# Supplied data:
────────────────────────────────────────
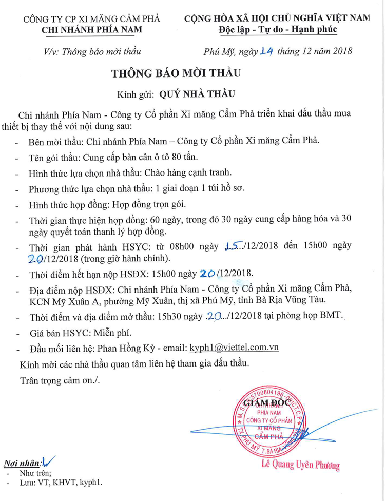 Thông báo mời tham gia đề xuất cung cấp bàn cân ô tô 80 tấn
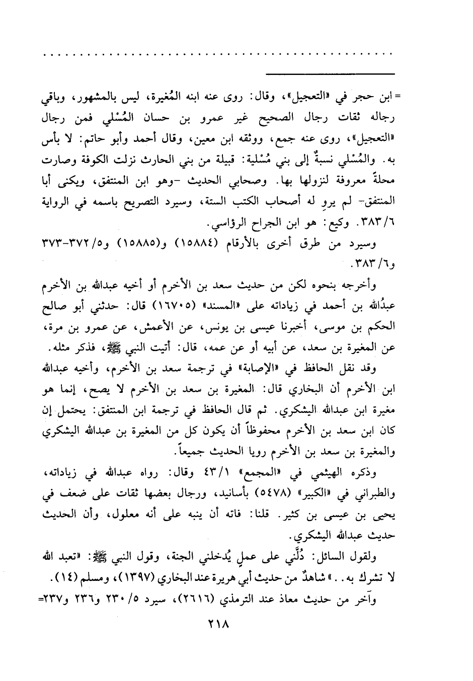 وقد نقل الحافظ في "الإصابة" في ترجمة سعد بن الأخرم، وأخيه عبد الله ابن الأخرم أن البخاري قال: المغيرة بن سعد بن الأخرم لا يصح، إنما هو مغيرة ابن عبد الله اليشكري. ثم قال الحافظ في ترجمة ابن المنتفق: يحتمل إن كان ابن سعد بن الأخرم محفوظاً أن يكون كل من المغيرة بن عبد الله اليشكري والمغيرة بن سعد بن الأخرم رويا الحديث جميعاً.
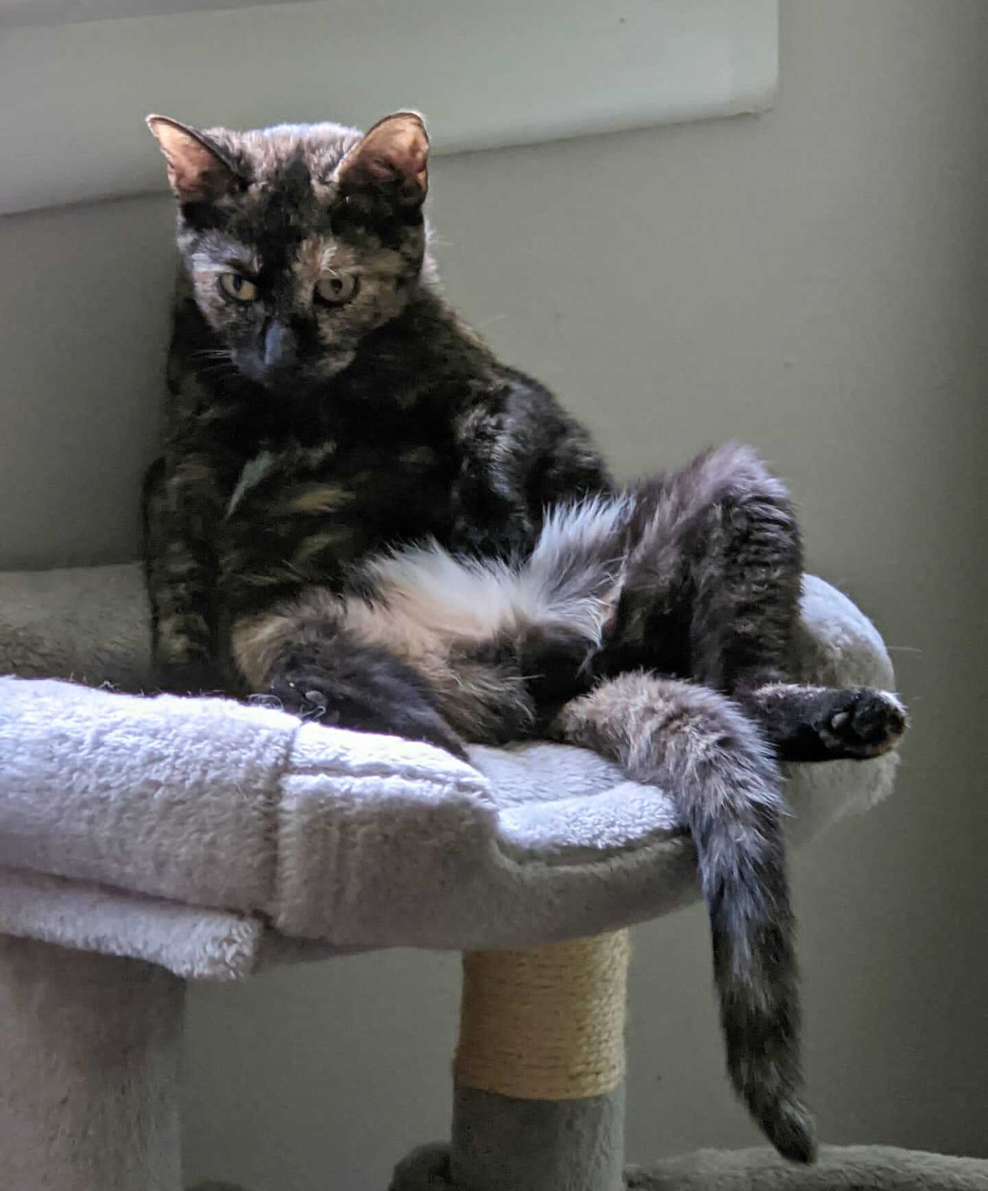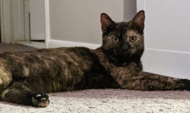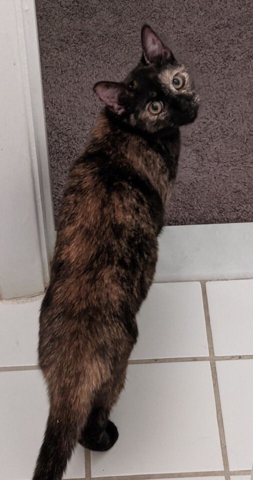 Jill is a beautiful tortoiseshell cat whose beauty will take your breath away. She would do best in a home with at least one other cat, as she loves the companionship of her foster sibling who has helped to bring her out of her shell. She also gets along amazingly with dogs and even guinea pigs. Jill has a shy and timid personality but is curious and playful beyond words. Once she warms up to her new environment she will become your little shadow. She loves to follow her foster mom around the house and always has to know what is going on. Bring out a cat toy and she will make an appearance from wherever she is in the house. Her favorite hobbies include looking out the window for birds, climbing cat scratchers and cat trees, and playing with her favorite toys. Jill may not be a lap cat quite yet, but she has made tremendous strides so far. She would make a beautiful addition to any cat friendly home who is willing to continue being patient and working to teach her that people are not scary. Jill has been spayed, vaccinated for FVRCP and rabies, flea and worm treated and is negative for feline leukemia and FIV.
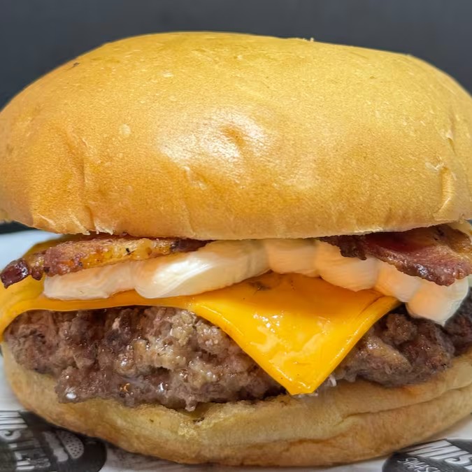 Delicioso Pão Brioche,1 carne artesanal 100g, 1 Fatia de Queijo Cheddar Polenghi , Creamcheese Polenghi , Bacon e Molho no topo.
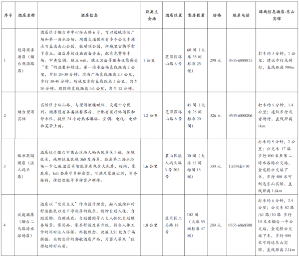 交通:离主会场1公里,位于莱山区海韵路5号。距离烟台站约17分钟车程,距离烟台南站约21分钟车程,距蓬莱国际机场约1小时10分钟车程。预定电话:0535-6086788。
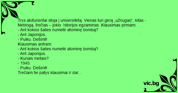 Neblogą, trečias – jokio. Istorijos egzaminas. Klausimas pirmam:
────────────────────────────────────────
# Your instructions:
Output, exactly and with no pictures, every line from the one that contains "Delicioso Pão Brioche,1" through the final line of the entries.

# Answer space:
 Delicioso Pão Brioche,1 carne artesanal 100g, 1 Fatia de Queijo Cheddar Polenghi , Creamcheese Polenghi , Bacon e Molho no topo.
 交通:离主会场1公里,位于莱山区海韵路5号。距离烟台站约17分钟车程,距离烟台南站约21分钟车程,距蓬莱国际机场约1小时10分钟车程。预定电话:0535-6086788。
 Neblogą, trečias – jokio. Istorijos egzaminas. Klausimas pirmam:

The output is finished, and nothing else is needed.